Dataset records

──────────────────────────────

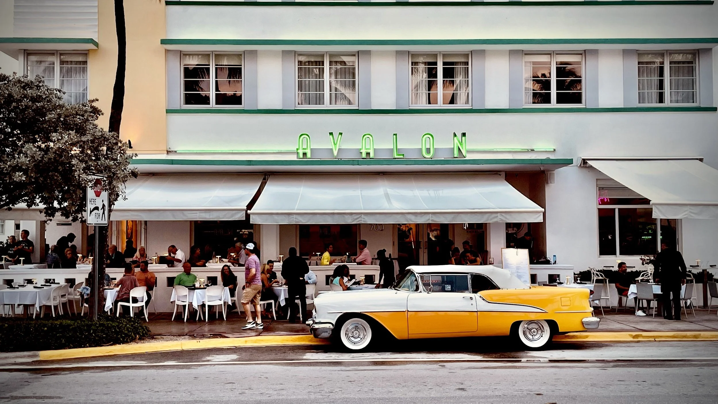 A vintage yellow and white car parked in front of a restaurant named Avalon with people dining outside and a building with neon green sign and multiple windows.
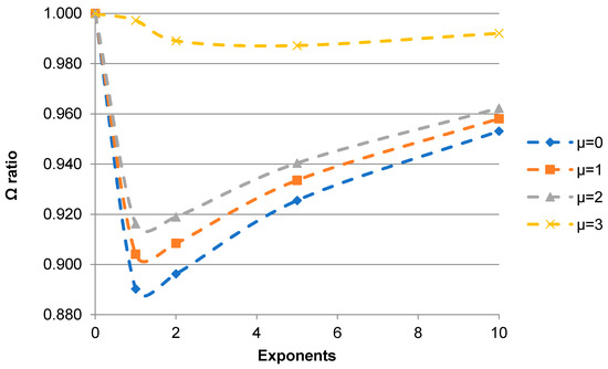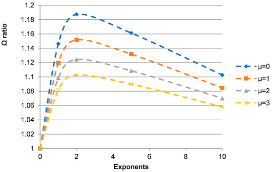 In the third mode case, the ratio maximum values occur for the maximum exponent considered, assuming successively the values 0.7%, 0.6%, 1.8% and 2.7%, as the nonlocal parameter goes from 0 to 3.
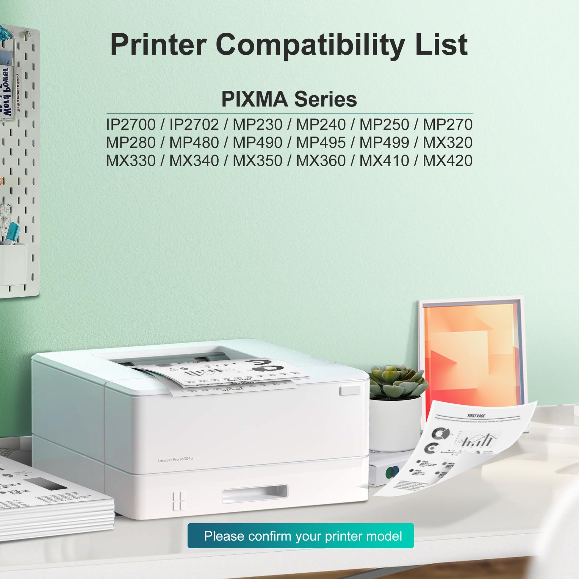 - Compatible printers: Canon PIXMA IP2702, IP2700, MX320, MX340, MX330, MX350, MX410, MX360, MX420, MP230, MP240, MP250, MP270, MP260, MP480, MP280, MP490, MP495, MP499
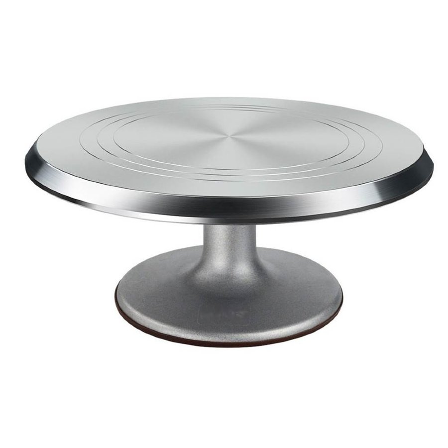 С помощью столика легко нанести крем или ганаш на торт и добиться ровного покрытия.
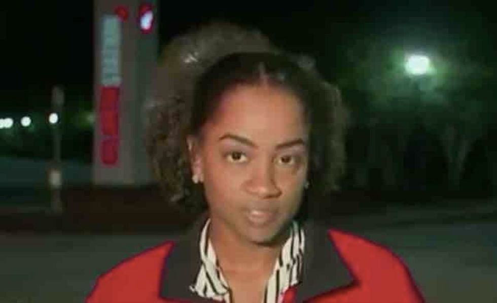 Reporter Iyani Hughes (pictured) and her station's stolen news van. (Image source: WSB-TV video screenshot)
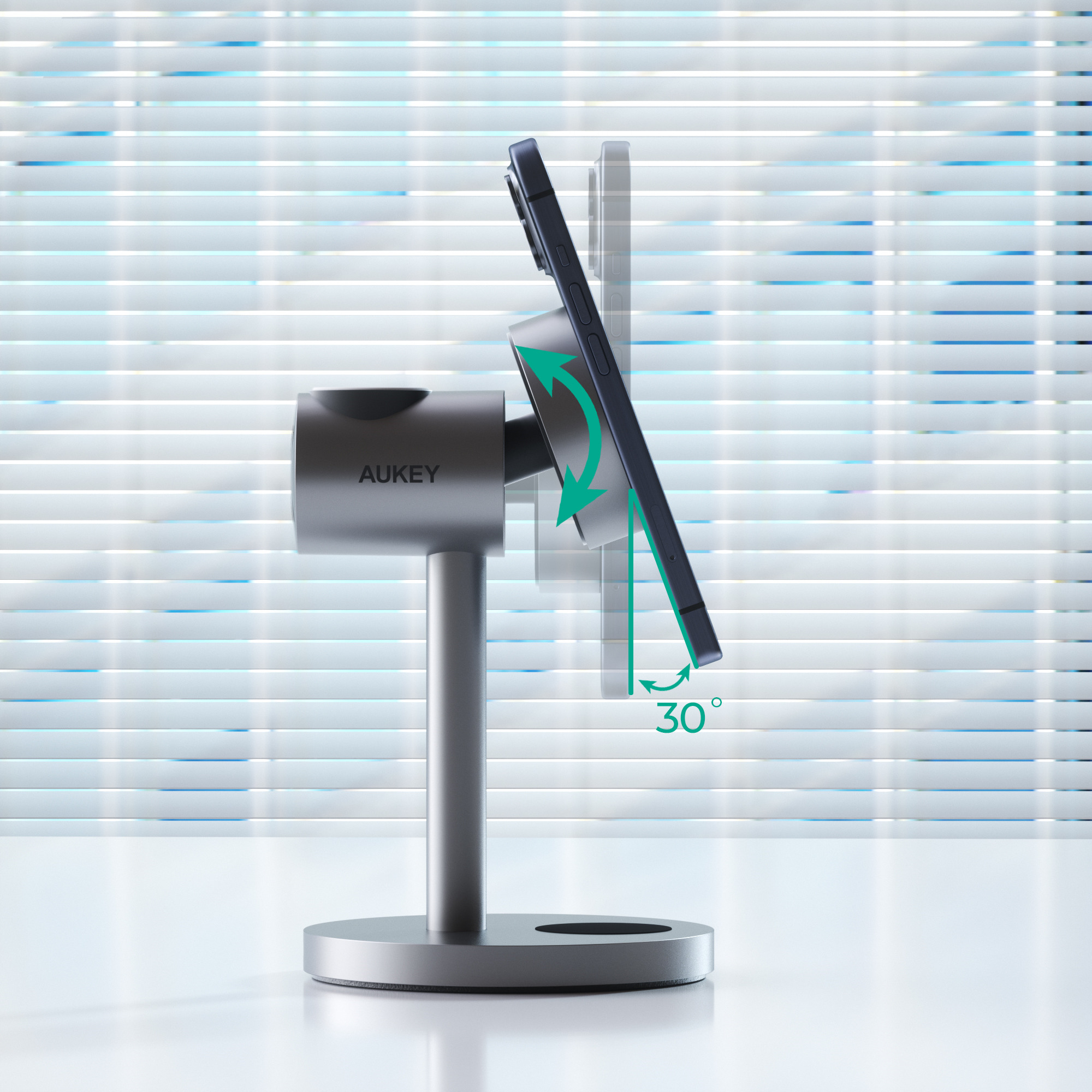 - Das Telefonladegerät ist um 30 Grad verstellbar und eignet sich für verschiedene Betrachtungswinkel.
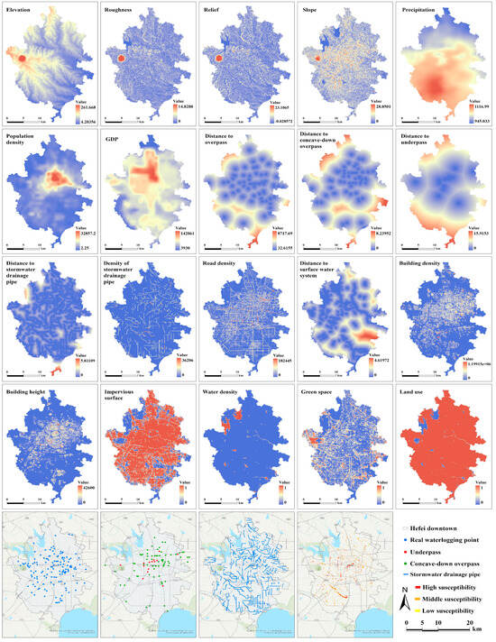 Data for all indicators in Table 1 were collected from multi-source datasets and standardized to a 100 m × 100 m grid resolution in ArcGIS Pro. Zonal statistics were used to generate spatial distributions (Figure 2). In addition, 139 waterlogging-prone locations were obtained from the Comprehensive Urban Drainage and Waterlogging Prevention Plan of Hefei (2013–2020), hereafter “Plan 2020,” and used as labeled samples for susceptibility assessment.
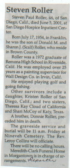 | Survived By | Parents, Donald M. and Sharon J. (Scalf) Roller; daughter, Kristen Roller; sisters, Theresa Kay Cloud and Shari McCoy. |
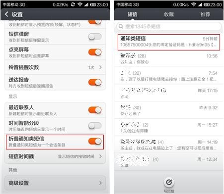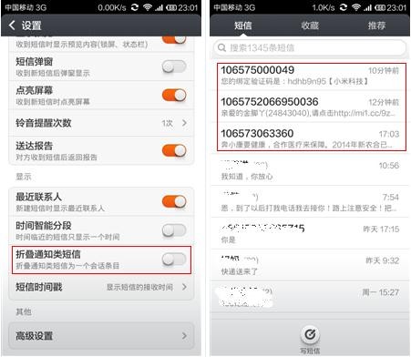 小米3 MIUI V5折疊通知類短信的使用技巧
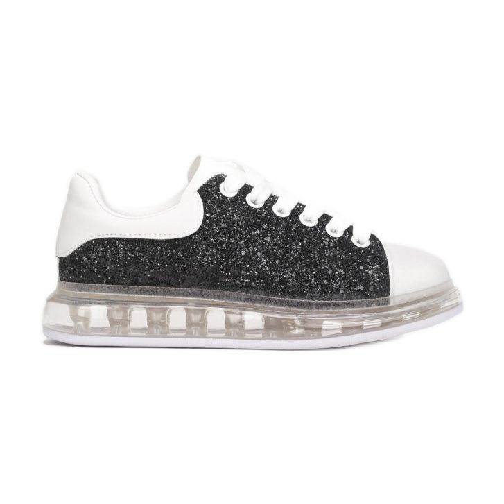 Ciekawym akcentem są wstawki z brokatu po bokach, które dodają im wyjątkowego charakteru i blasku. Sneakersy te są wiązane na płaskie sznurówki, co pozwala na łatwe dopasowanie ich do stopy. Na uwagę zasługuje także gruba podeszwa wypełniona gazem, która zapewnia doskonałą amortyzację, dbając o Twoje stopy podczas aktywności.

──────────────────────────────

_ACTION ITEM_. Leave out the pictures. Transcribe only the lines above, from the first through the one that contains "- Das Telefonladegerät".

_REPLY TO THE EXERCISE_.
 A vintage yellow and white car parked in front of a restaurant named Avalon with people dining outside and a building with neon green sign and multiple windows.
 In the third mode case, the ratio maximum values occur for the maximum exponent considered, assuming successively the values 0.7%, 0.6%, 1.8% and 2.7%, as the nonlocal parameter goes from 0 to 3.
 - Compatible printers: Canon PIXMA IP2702, IP2700, MX320, MX340, MX330, MX350, MX410, MX360, MX420, MP230, MP240, MP250, MP270, MP260, MP480, MP280, MP490, MP495, MP499
 С помощью столика легко нанести крем или ганаш на торт и добиться ровного покрытия.
 Reporter Iyani Hughes (pictured) and her station's stolen news van. (Image source: WSB-TV video screenshot)
 - Das Telefonladegerät ist um 30 Grad verstellbar und eignet sich für verschiedene Betrachtungswinkel.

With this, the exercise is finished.